▶ **What you are asked to do**:
Ignoring every picture, return the lines of the listing below word for word, from the line that holds "我认识个人,甲状腺结节好几年" through the line that holds "- Prerequisites: Customer".

▶ **Exercise materials**:
--*--
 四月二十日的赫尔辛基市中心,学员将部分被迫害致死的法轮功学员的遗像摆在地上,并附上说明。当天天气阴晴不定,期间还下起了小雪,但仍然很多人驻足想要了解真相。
--*--
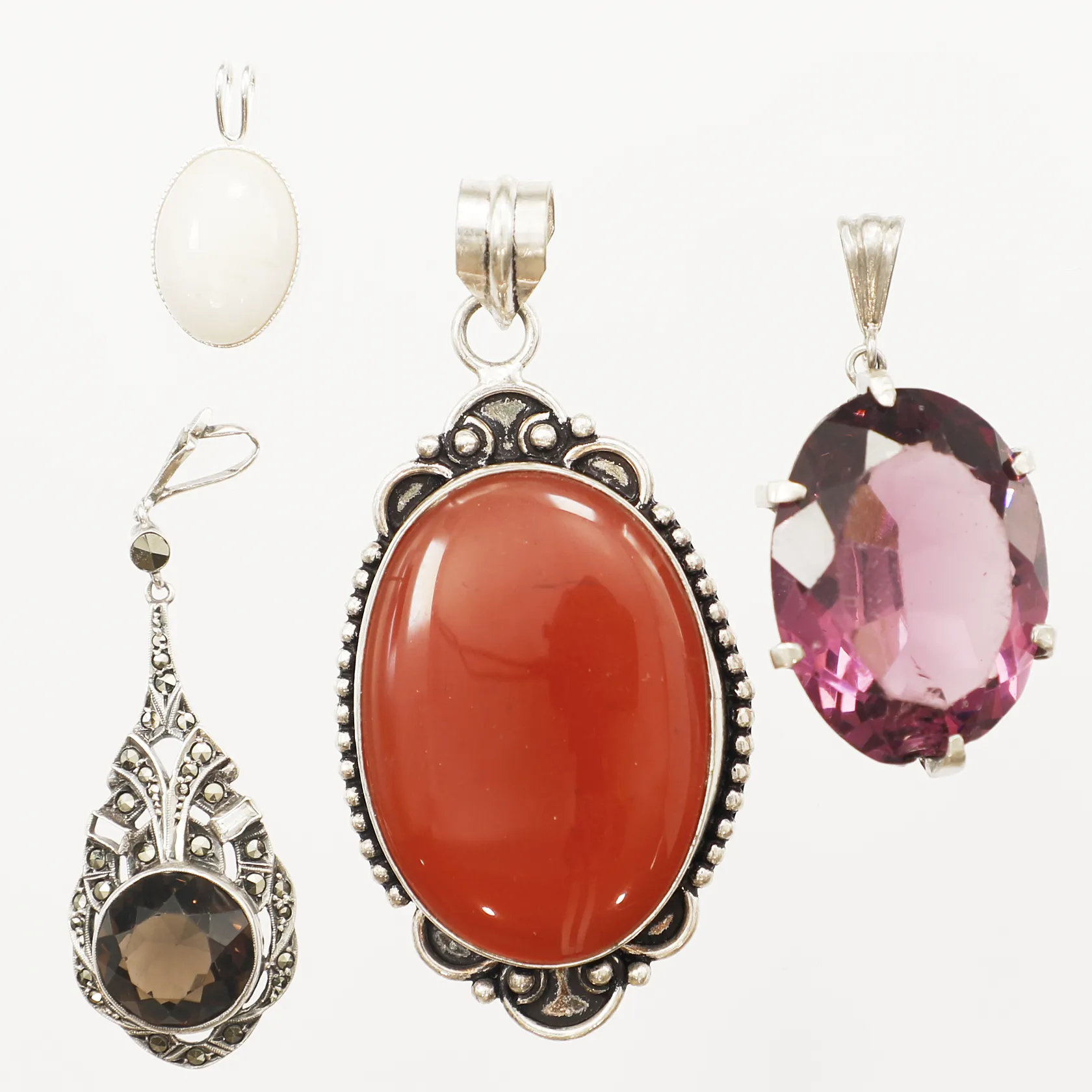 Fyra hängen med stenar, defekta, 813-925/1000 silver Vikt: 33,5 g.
--*--
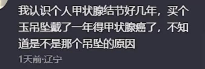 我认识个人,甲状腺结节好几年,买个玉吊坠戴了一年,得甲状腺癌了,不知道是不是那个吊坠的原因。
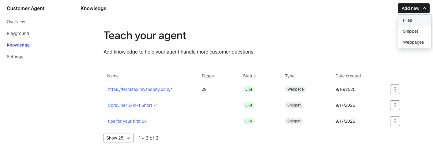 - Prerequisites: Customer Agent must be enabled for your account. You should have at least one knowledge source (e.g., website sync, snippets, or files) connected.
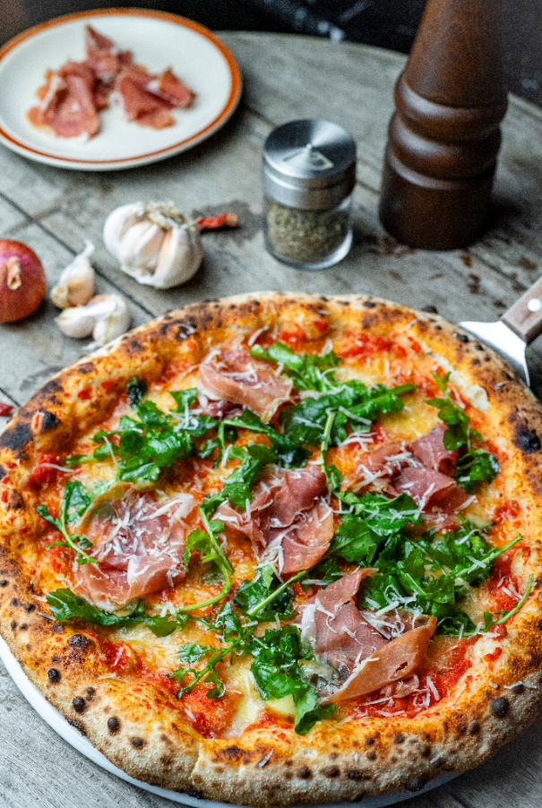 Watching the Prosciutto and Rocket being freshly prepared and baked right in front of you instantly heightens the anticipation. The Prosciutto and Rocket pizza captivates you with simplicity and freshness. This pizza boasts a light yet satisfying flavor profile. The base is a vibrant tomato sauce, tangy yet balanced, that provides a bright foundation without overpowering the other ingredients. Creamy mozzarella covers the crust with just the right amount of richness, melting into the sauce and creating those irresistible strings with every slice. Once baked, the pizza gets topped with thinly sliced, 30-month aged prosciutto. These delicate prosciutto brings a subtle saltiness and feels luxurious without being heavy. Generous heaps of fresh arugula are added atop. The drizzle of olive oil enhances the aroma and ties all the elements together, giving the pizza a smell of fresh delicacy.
--*--
▶ **Exercise answer**:
 我认识个人,甲状腺结节好几年,买个玉吊坠戴了一年,得甲状腺癌了,不知道是不是那个吊坠的原因。
 - Prerequisites: Customer Agent must be enabled for your account. You should have at least one knowledge source (e.g., website sync, snippets, or files) connected.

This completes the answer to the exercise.